## [REQUIRED ACTION]
Omitting all images, set down every line below exactly as it appears.

## [RECORDED DATA]
↓↓↓

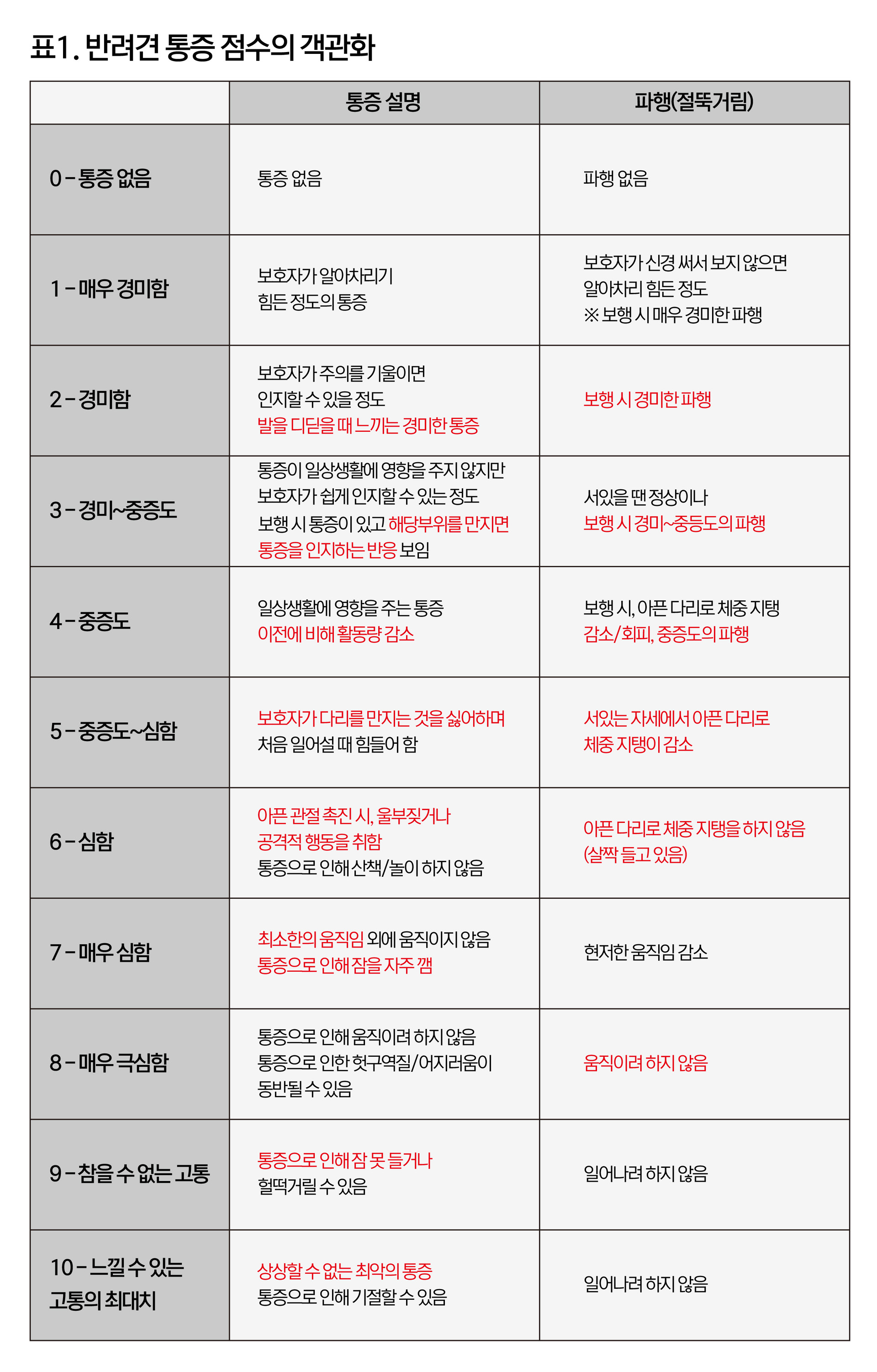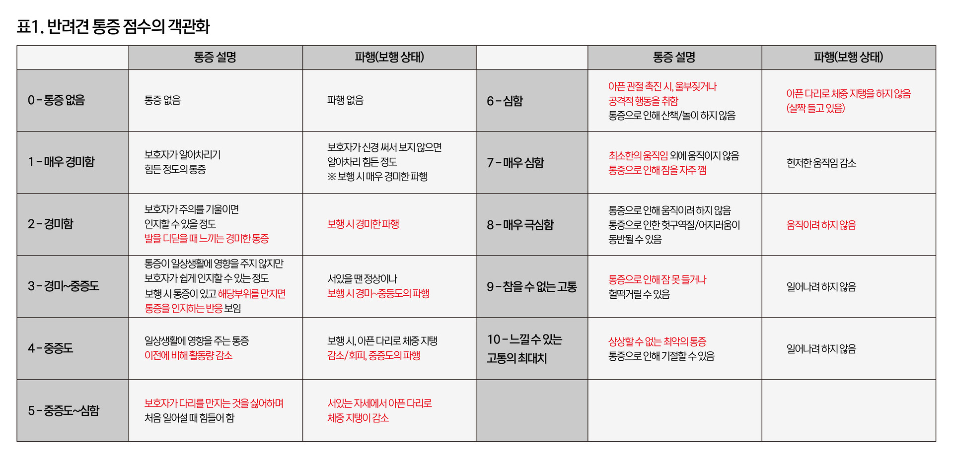 본 설문지에 나온 관절염통증평가지표를 활용, 통증지표 2-7단계에 해당하는 반려견 모집
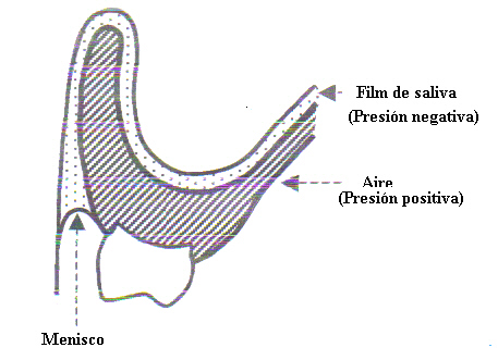 un diferencial de presión entre el film de saliva y el aire (ver figura
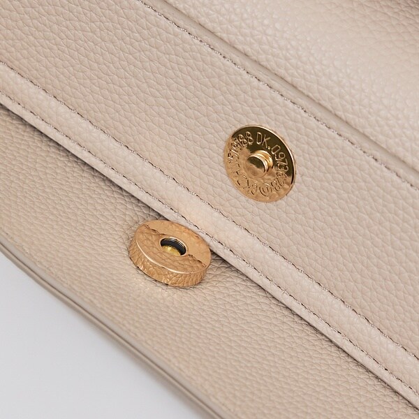 フロントの金具パーツがほどよいアクセントになり、シンプルなデザインでコーディネートに取り入れやすいアイテムです。
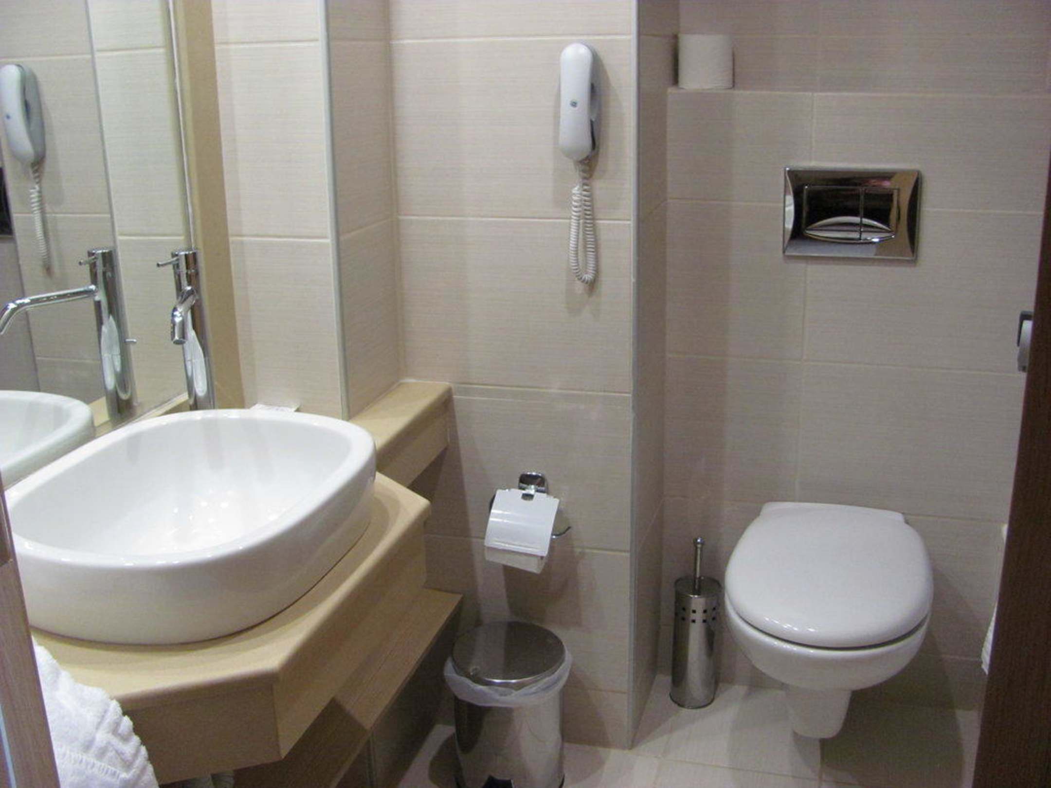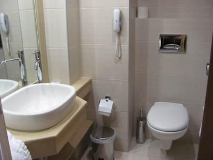 Badezimmer im Hotel Kolymbia Sky, sehr klein aber funktionell.

↑↑↑

## [TASK SOLUTION]
 본 설문지에 나온 관절염통증평가지표를 활용, 통증지표 2-7단계에 해당하는 반려견 모집
 un diferencial de presión entre el film de saliva y el aire (ver figura
 フロントの金具パーツがほどよいアクセントになり、シンプルなデザインでコーディネートに取り入れやすいアイテムです。
 Badezimmer im Hotel Kolymbia Sky, sehr klein aber funktionell.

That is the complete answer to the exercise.